И вот она идёт на берег ручейка,
Где принц нашёл её когда-то.
Спокойно в душу льётся тишина,
И об одном лишь молится она:
«Пусть будет славным он, богатым и
счастливым,
Желанье пусть исполнится его».
В горячем сердце, кротком, терпеливом, —
Любовь, одна любовь и боле ничего.
А принц, о ком она вздыхает,
Её желая снова испытать,
Однажды ей велит сказать,
Что видеть он её желает.
Гризельду встретил он спокойными словами:
«Мне нужно, чтобы та, с кем я иду во храм,
Кому я завтра жизнь отдам,
Была довольна мной и вами,
Мне так угодно. И я вас прошу о том,
Чтоб вы мне помогли в желании моём.
Пусть всё ей нравится, что мне по нраву,
Сыграем свадьбу мы на славу,
И пусть любовь мою увидят все кругом.
Итак, устройте всё скорее,
Покои уберите ей
С богатством, с роскошью затеи,
Да попышней, повеселей.
И помнить я прошу всечасно, —
Пусть это будет вам закон, —
Что этой девушкой прекрасной
Я пылко увлечён.
А чтобы вы могли судить о том доверье,
С каким всегда я вас сужу,
Я вам невесту покажу,
Которой угодить должны вы в полной мере».
На Левантийских высота́х
Не так пленительна Аврора,
Какой явилась в их очах
Принцесса юная.

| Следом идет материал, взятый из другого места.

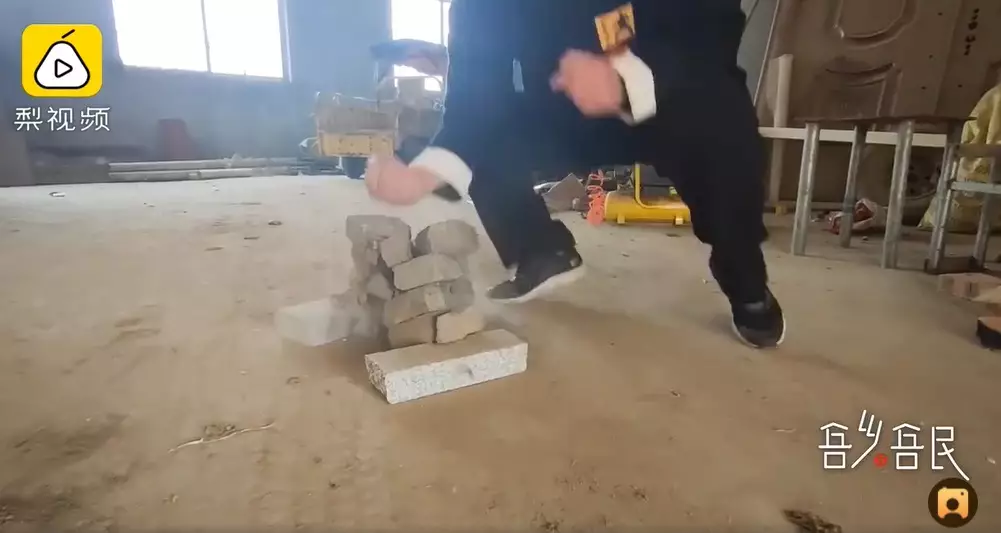 據內地媒體報導,李激光中國八極拳鐵砂掌第十代傳人,經過多年練習練得威力強大的鐵砂掌,不僅可以拍磚,更能將鐵器等硬物打彎,相當厲害。
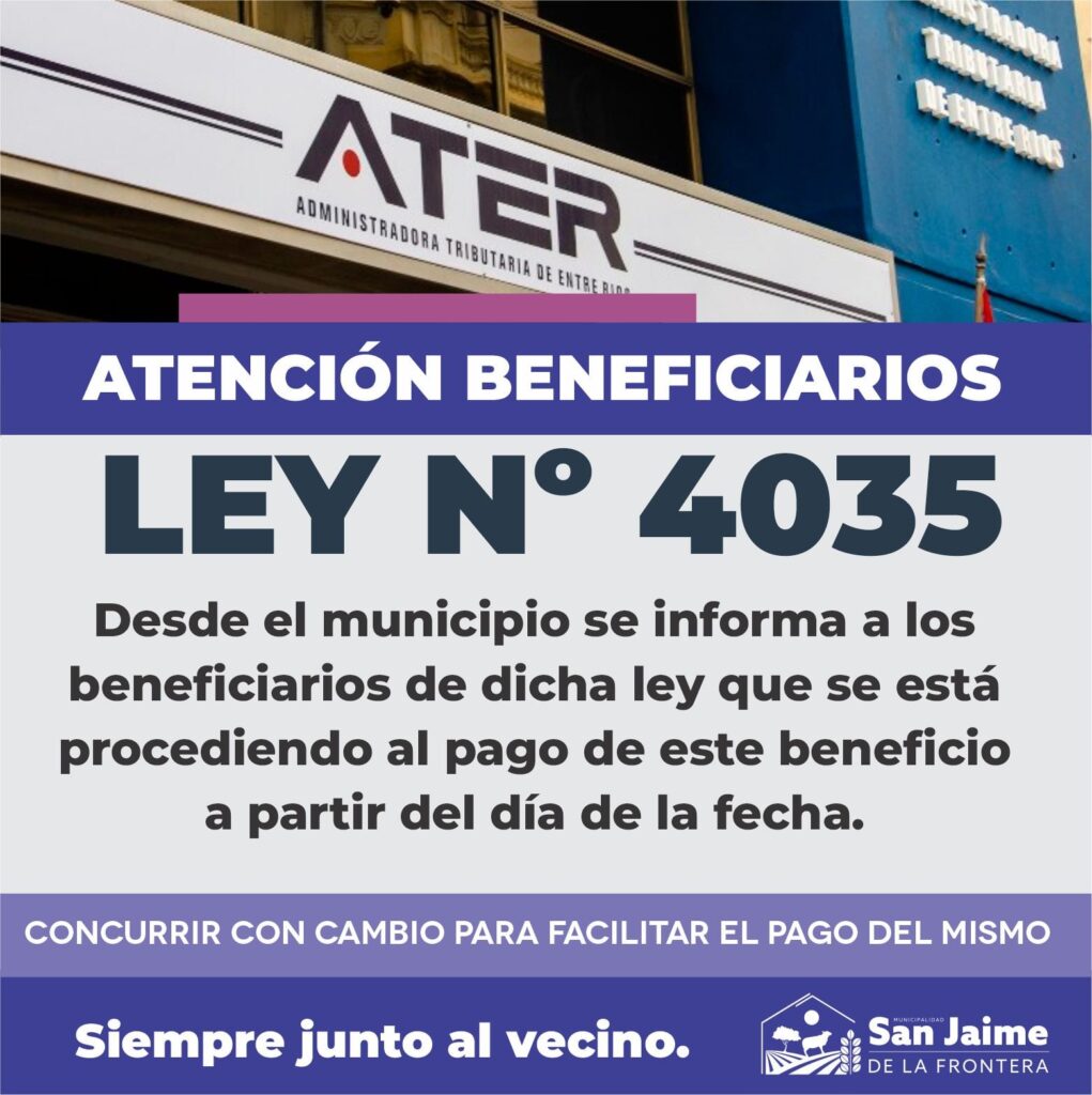 2 febrero, 2022 - En Gestión‚ Gobierno‚ Salud y Bienestar Por Prensa Municipal Comentarios Apagados Ley N° 4035 Prensa Municipal prensa@sanjaime.gob.ar Previo Horarios Atención ANSES Siguiente Trabajos de Urbanización y Saneamiento

И взоры
Едва Гризельда подняла,
Как в глубине души та нежность расцвела,
Что сердце матери питает.
О прежнем счастии, о юности своей
Она невольно вспоминает
И мысленно про дочь свою гадает:
«Ей было б столько ж лет, любимице моей.
И, может быть, была б красавица – кто знает!»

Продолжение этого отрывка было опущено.